Screens Really Two-Way? wed sec.

Jameson seems to give the window two primary functions, summarized by his quote of Milton:
"Window... to admit light or air, or both, and to afford view of what is outside and inside..."

This question is brought up with regard to the Garcia's house. Were the purely glass walls for the purpose of letting in light, or seeing out (as suggested by the eye-shape of the house itself)? These questions for me seemed straight forward, and can be seen in the use of blinds, tinted windows, etc.

However, when Jameson first suggests the television as a window, I had some doubts.

"In which direction does this window "face"? Looking out onto the world, presenting a view of the distant (tele-vision)? Or does it intrude into the home, all the homes, transforming the space, transporting the "world" into the world of the homes..."

To make this comparison, I think you first have to look at the functions of the window. The first is to allow light to pass through. To this, Jameson says that the television set projects light into the room of the view, just as light comes through the window into your home. The second is allow sight through. To this, Jameson says that the television allows you to see out of your home into the outside world. On the surface, these seem like adequate parallels.

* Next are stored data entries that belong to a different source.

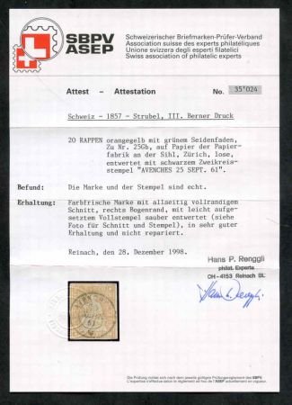 Switzerland 1858 – 1862 Scott 39 Zumstein 25Gb Used, Superb color variety orange yellow. cv sfr 100.00 with certificate.
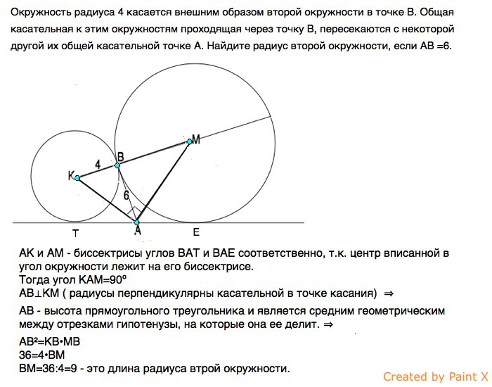 окружность радиуса 4 касается внешним образом второй окружности в точке B. Общая касательная к этим окружностям проходящая через точку B, пересекаются с некоторой другой их общей касательной точке A. Найдите радиус второй окружности, если AB =6.
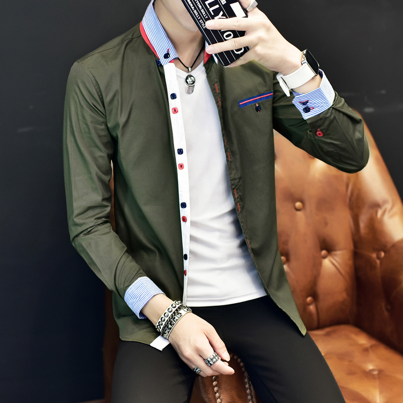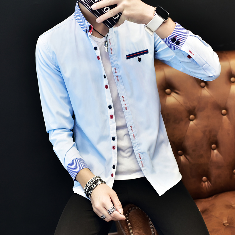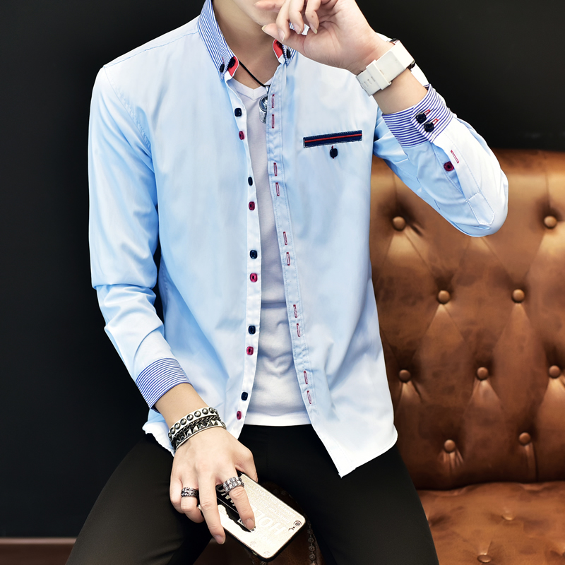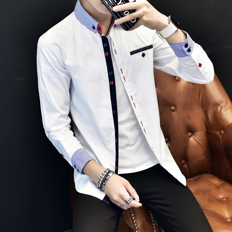 / 韓版修身襯衣青年大碼長袖襯衫男士休閑寸衫春新款男裝
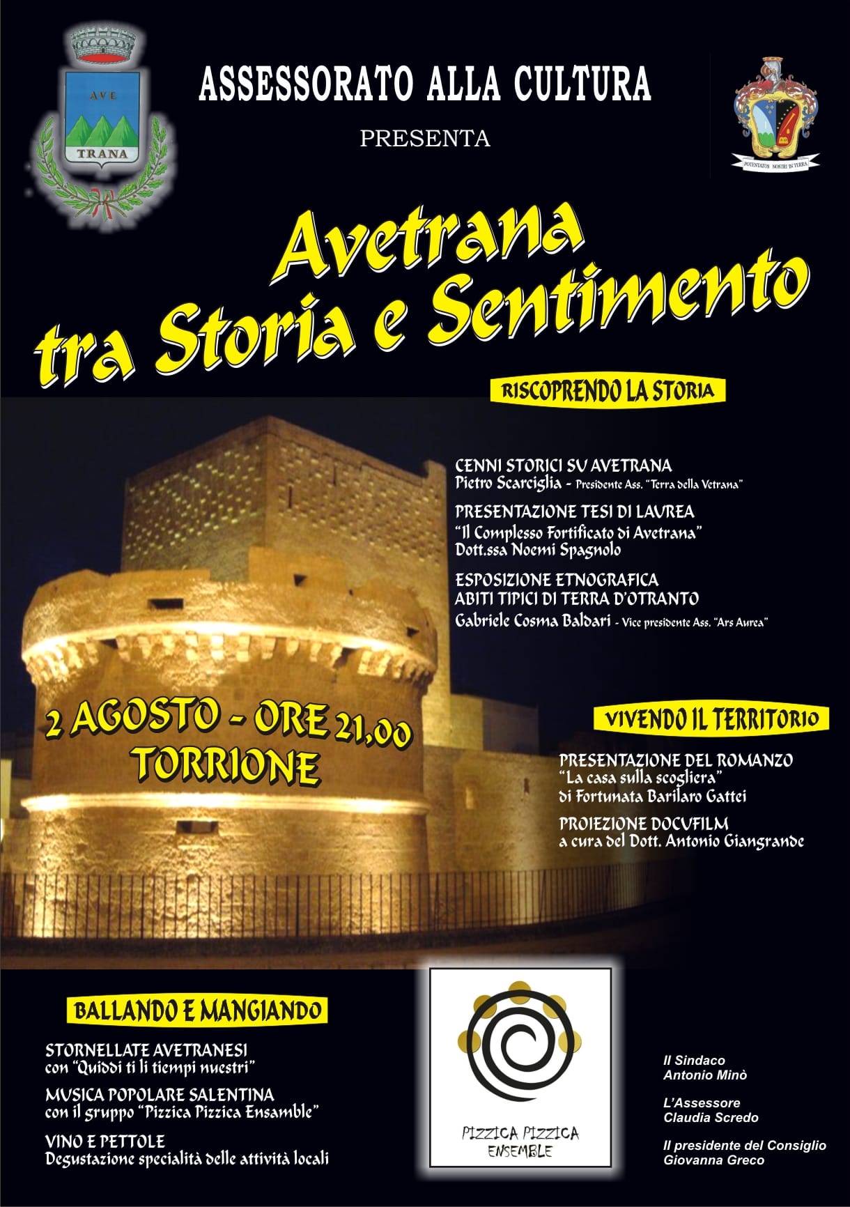 BALLANDO E MANGIANDO – La terza e ultima sezione partirà con l’esecuzione di stornellate avetranesi ad opera del gruppo “Quiddi ti li tiempi nuesci”. Si proseguirà con la musica popolare salentina del gruppo “Pizzica pizzica ensemble”. La serata sarà chiusa dalla degustazione di pettole e vino.

However, what about the two-way nature of physical windows? At night, a lamp sheds light onto the street. Furthermore, a passer-by can see through a window into the home just as well as the inhabitants can see out. Does the television exhibit this same reversibility?

With regards to this question, Victor Burgin's inquiry on JenniCam seems very interesting. While many on the internet fit Freud's "exhibitionist" theory, one of "see and be seen", Jennifer defied this paradigm. Instead, she allowed anyone to see her, while she had no view of her viewers. For her viewers, they could see without being seen. This may be what makes screens just incredible windows. How often have you wanted to just look out the window and not worry that someone could see you? It is the ability to preserve autonomy and privacy, which windows sacrificed, that makes screens (TV, or any extensions into the internet) so attractive.